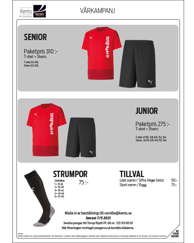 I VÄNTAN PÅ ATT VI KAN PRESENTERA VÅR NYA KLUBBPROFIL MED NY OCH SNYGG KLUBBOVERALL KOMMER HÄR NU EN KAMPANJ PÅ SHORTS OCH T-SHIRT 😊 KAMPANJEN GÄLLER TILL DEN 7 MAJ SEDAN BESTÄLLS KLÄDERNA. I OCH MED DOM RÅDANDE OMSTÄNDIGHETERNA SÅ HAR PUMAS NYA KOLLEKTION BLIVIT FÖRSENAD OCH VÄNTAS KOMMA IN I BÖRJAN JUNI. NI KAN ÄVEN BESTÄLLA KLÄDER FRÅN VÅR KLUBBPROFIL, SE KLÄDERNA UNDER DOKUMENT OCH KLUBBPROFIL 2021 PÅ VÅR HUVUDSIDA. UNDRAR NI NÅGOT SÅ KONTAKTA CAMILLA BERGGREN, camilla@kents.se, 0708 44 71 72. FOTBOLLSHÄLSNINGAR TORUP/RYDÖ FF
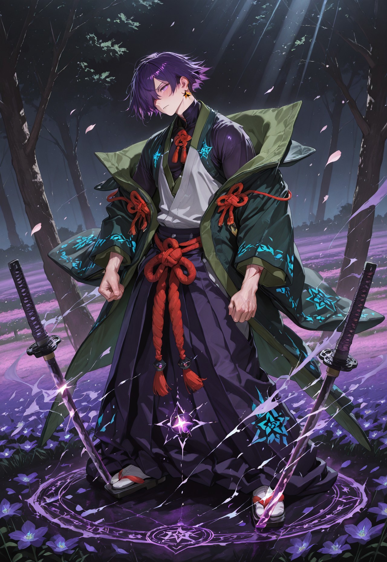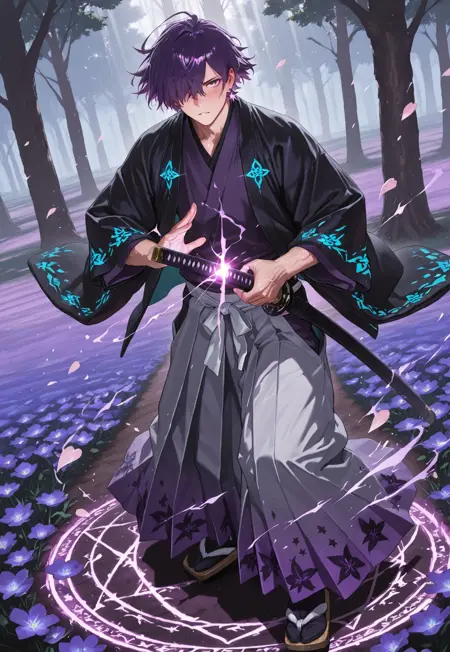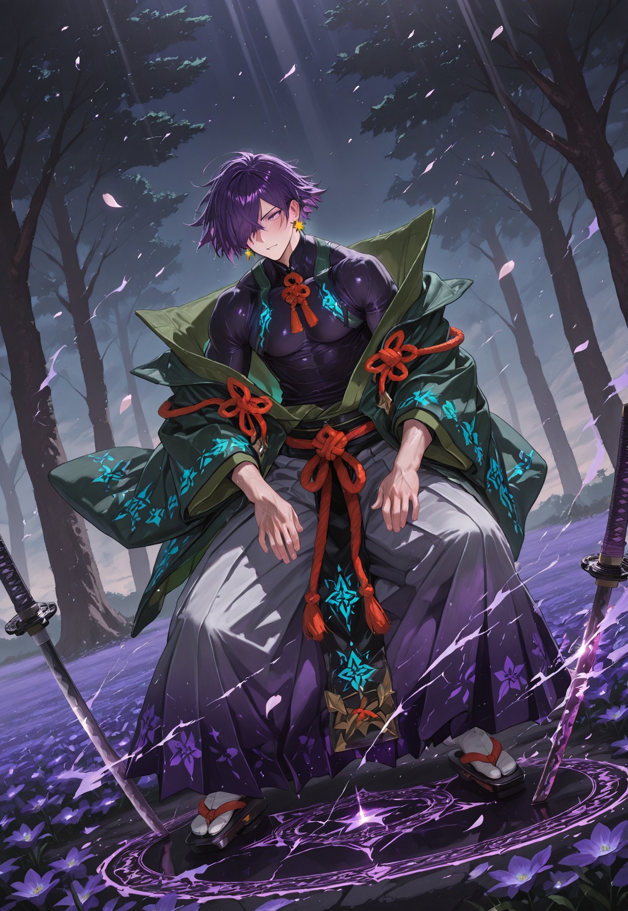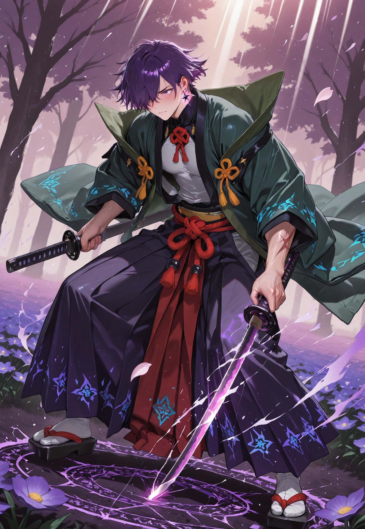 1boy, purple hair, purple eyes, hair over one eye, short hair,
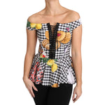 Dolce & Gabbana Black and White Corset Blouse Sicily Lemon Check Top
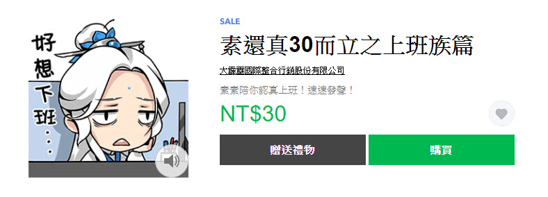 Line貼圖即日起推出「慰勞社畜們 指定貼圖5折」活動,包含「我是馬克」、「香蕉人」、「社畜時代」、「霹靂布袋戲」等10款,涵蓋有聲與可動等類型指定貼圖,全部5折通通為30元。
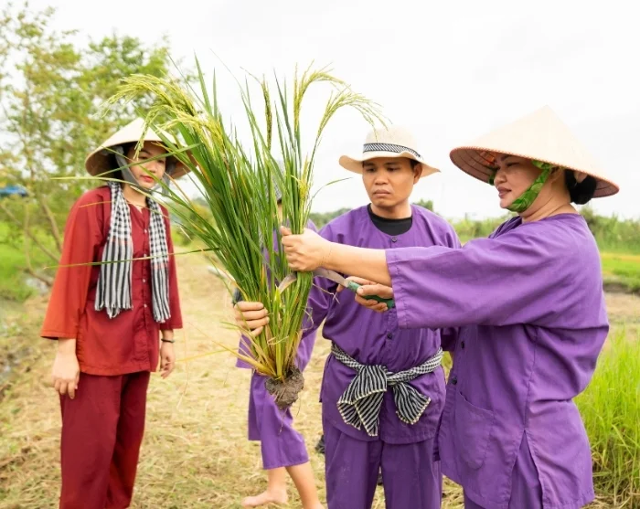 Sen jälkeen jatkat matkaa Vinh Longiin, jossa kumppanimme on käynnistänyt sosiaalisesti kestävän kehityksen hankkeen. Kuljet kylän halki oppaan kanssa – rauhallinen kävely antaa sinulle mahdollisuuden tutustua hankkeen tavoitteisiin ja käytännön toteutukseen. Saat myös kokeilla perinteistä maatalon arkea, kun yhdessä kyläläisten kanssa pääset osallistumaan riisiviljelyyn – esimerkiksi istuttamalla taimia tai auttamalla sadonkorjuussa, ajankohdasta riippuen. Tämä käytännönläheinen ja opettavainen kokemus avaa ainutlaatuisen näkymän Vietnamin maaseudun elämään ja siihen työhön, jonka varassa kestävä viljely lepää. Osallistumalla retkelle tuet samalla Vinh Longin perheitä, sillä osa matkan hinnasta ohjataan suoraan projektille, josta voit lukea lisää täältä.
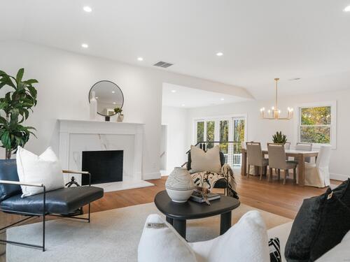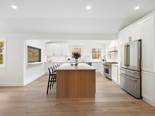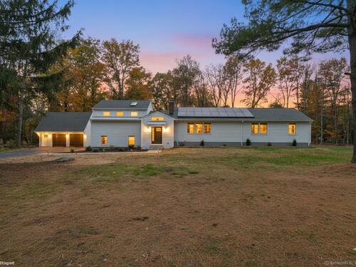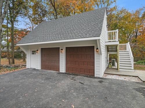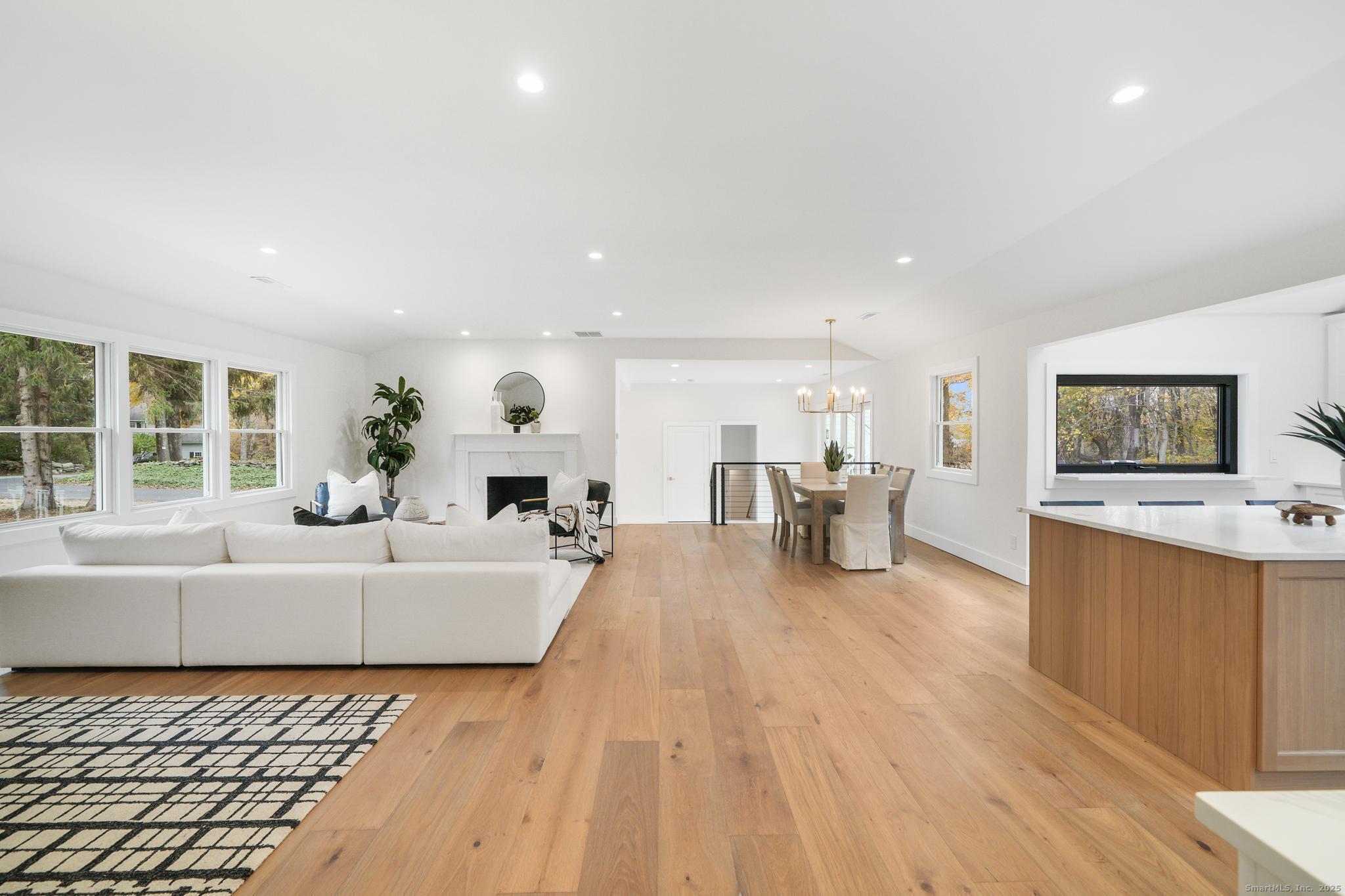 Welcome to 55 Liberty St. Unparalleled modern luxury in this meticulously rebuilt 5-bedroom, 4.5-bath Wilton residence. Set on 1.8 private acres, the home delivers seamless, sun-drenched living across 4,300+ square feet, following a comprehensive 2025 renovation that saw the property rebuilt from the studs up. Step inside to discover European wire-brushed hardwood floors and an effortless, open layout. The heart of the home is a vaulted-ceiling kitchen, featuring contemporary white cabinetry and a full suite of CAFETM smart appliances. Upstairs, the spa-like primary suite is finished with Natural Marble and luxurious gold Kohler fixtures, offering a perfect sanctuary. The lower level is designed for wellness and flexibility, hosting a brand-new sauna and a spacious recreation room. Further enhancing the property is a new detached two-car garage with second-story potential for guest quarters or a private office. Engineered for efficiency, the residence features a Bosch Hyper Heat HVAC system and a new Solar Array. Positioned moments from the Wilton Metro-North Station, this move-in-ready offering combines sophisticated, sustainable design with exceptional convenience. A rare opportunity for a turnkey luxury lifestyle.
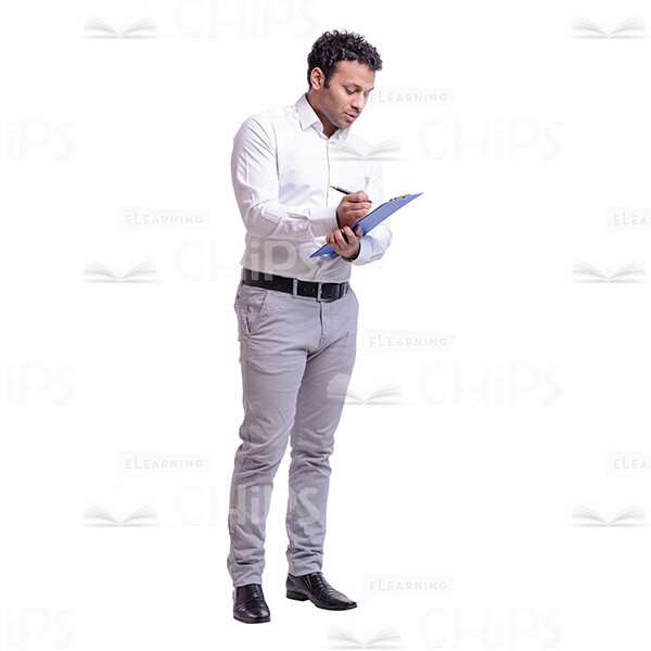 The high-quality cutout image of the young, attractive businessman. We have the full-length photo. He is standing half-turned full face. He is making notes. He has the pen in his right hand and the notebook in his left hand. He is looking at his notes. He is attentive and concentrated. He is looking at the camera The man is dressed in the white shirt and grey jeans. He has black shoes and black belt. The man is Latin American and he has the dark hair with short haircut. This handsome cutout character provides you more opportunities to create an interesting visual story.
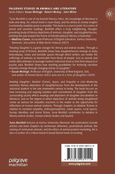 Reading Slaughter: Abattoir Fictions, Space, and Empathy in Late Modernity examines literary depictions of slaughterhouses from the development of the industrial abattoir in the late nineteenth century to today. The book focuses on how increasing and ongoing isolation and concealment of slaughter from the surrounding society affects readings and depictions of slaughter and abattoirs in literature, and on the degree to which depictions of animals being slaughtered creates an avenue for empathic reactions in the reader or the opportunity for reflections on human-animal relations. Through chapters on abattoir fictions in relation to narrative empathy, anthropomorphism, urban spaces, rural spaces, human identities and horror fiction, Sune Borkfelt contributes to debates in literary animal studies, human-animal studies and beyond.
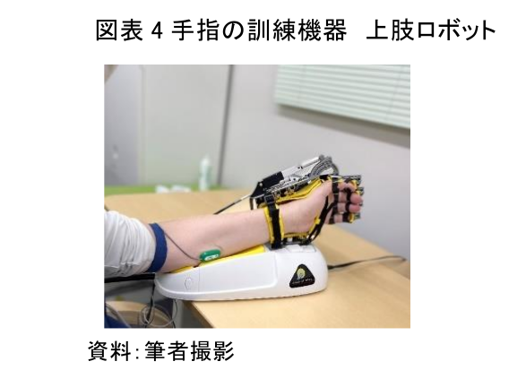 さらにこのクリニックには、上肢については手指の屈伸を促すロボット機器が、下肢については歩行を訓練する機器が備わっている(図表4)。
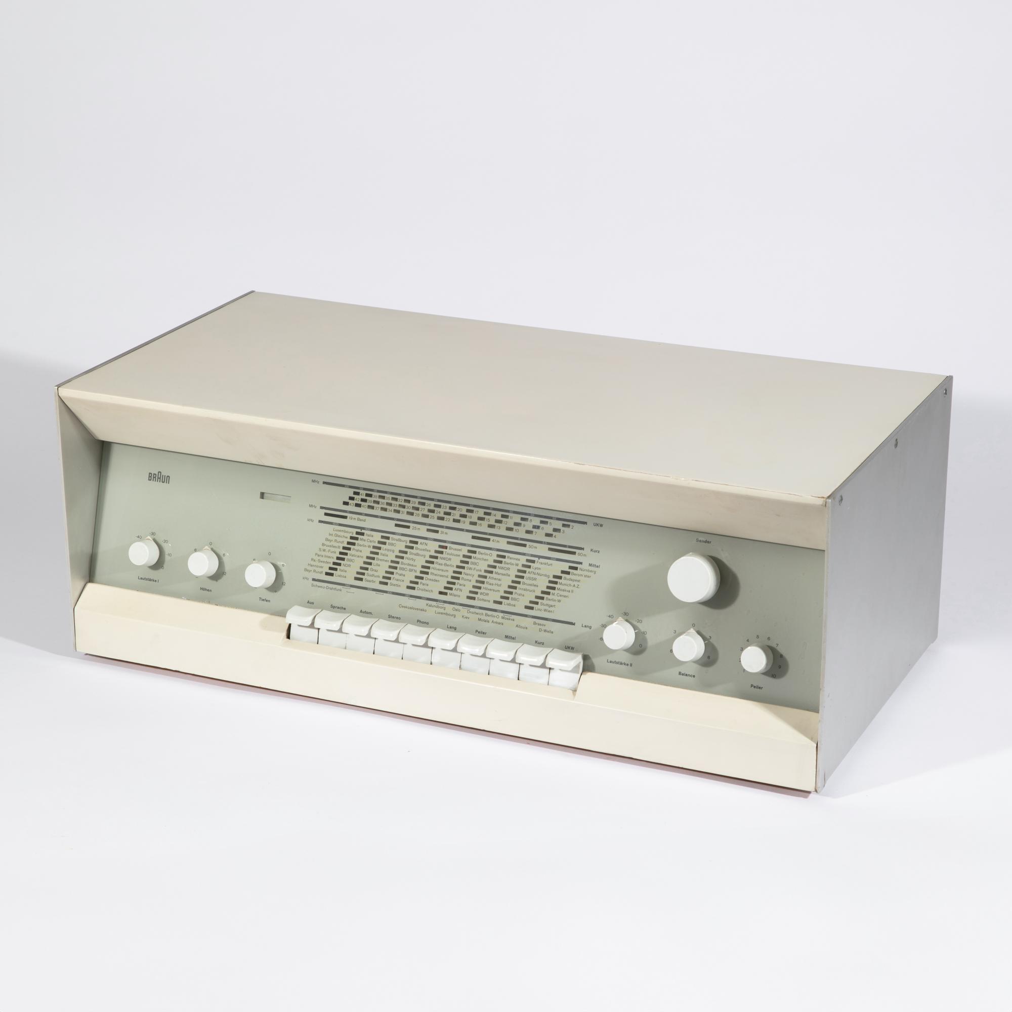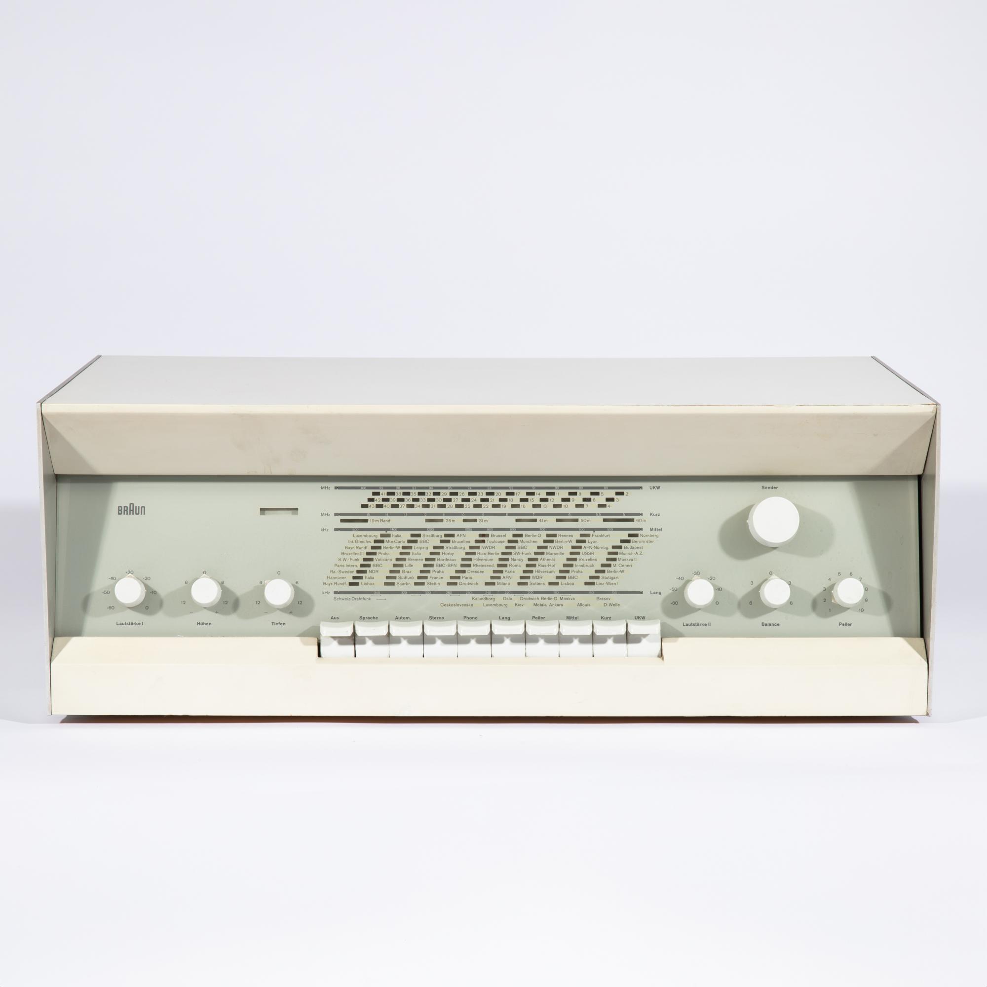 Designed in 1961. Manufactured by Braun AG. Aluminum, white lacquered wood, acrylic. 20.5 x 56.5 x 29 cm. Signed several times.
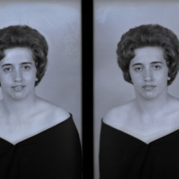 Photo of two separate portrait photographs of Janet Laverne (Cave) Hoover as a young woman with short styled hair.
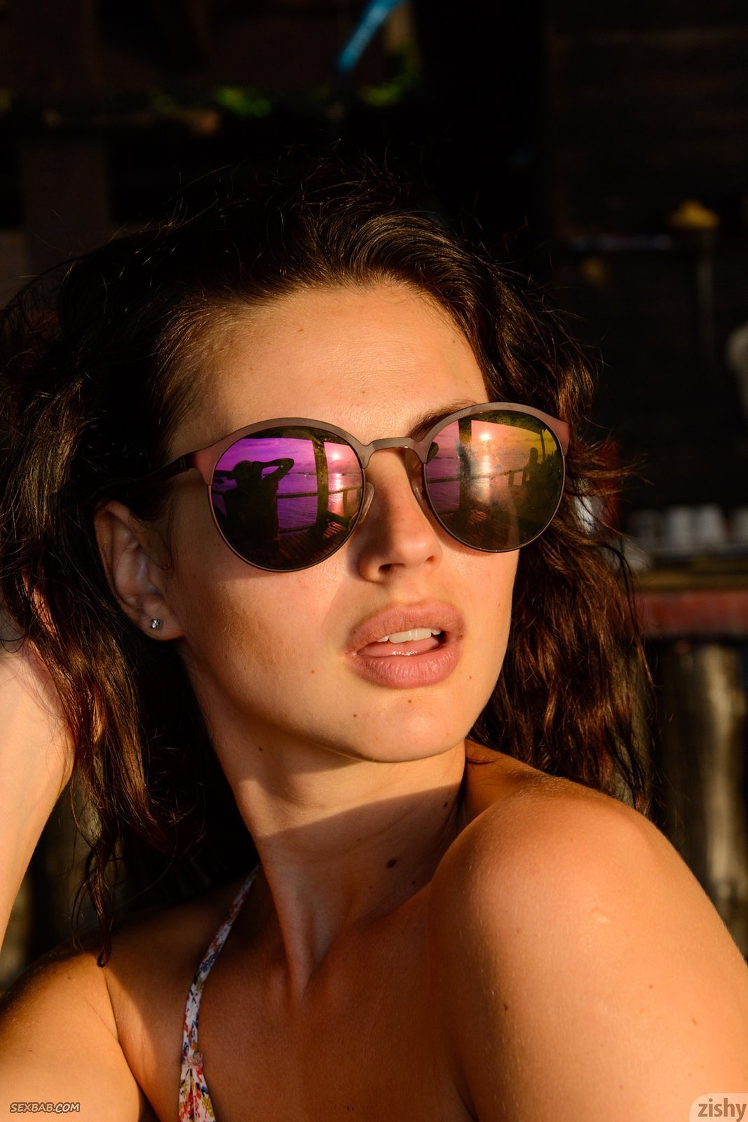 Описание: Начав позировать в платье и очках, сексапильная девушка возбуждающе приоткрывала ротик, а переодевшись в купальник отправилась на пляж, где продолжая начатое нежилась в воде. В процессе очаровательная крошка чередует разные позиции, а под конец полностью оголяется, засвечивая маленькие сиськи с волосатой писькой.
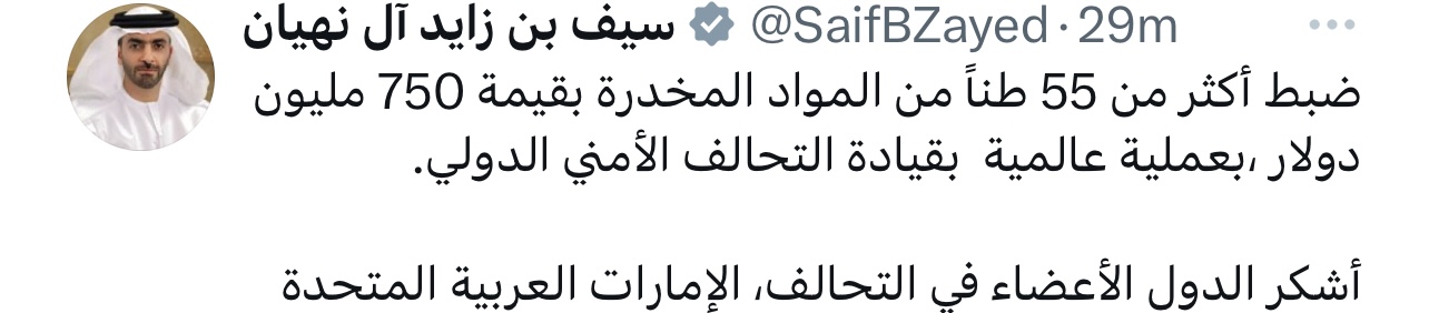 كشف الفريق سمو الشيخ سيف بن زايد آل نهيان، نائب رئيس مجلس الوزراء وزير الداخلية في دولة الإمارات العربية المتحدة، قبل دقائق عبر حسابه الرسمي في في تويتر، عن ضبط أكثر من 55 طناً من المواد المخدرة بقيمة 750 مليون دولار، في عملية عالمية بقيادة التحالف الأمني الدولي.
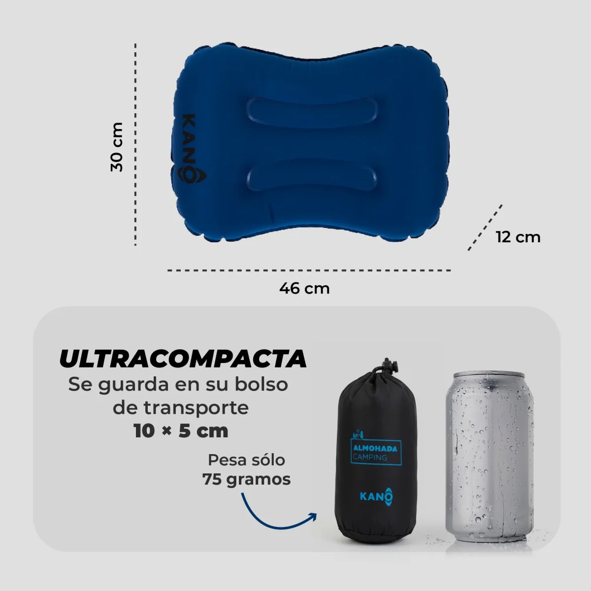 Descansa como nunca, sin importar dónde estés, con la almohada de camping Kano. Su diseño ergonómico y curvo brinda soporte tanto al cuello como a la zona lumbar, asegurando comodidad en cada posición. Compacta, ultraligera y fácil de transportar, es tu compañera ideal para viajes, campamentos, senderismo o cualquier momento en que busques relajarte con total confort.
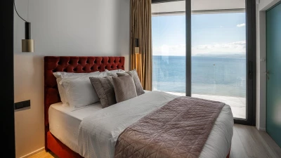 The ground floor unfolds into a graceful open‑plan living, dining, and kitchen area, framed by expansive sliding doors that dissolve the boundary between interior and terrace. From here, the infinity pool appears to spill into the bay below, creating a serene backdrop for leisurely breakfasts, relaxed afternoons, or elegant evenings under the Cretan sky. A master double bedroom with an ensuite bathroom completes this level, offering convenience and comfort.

· · · · ·

Going by the data above, the answer is exactly the lines from the one holding "Designed in 1961." to the one holding "Descansa como nunca, sin", both kept, with the pictures left out.

WRITTEN RESPONSE
 Designed in 1961. Manufactured by Braun AG. Aluminum, white lacquered wood, acrylic. 20.5 x 56.5 x 29 cm. Signed several times.
 Photo of two separate portrait photographs of Janet Laverne (Cave) Hoover as a young woman with short styled hair.
 Описание: Начав позировать в платье и очках, сексапильная девушка возбуждающе приоткрывала ротик, а переодевшись в купальник отправилась на пляж, где продолжая начатое нежилась в воде. В процессе очаровательная крошка чередует разные позиции, а под конец полностью оголяется, засвечивая маленькие сиськи с волосатой писькой.
 كشف الفريق سمو الشيخ سيف بن زايد آل نهيان، نائب رئيس مجلس الوزراء وزير الداخلية في دولة الإمارات العربية المتحدة، قبل دقائق عبر حسابه الرسمي في في تويتر، عن ضبط أكثر من 55 طناً من المواد المخدرة بقيمة 750 مليون دولار، في عملية عالمية بقيادة التحالف الأمني الدولي.
 Descansa como nunca, sin importar dónde estés, con la almohada de camping Kano. Su diseño ergonómico y curvo brinda soporte tanto al cuello como a la zona lumbar, asegurando comodidad en cada posición. Compacta, ultraligera y fácil de transportar, es tu compañera ideal para viajes, campamentos, senderismo o cualquier momento en que busques relajarte con total confort.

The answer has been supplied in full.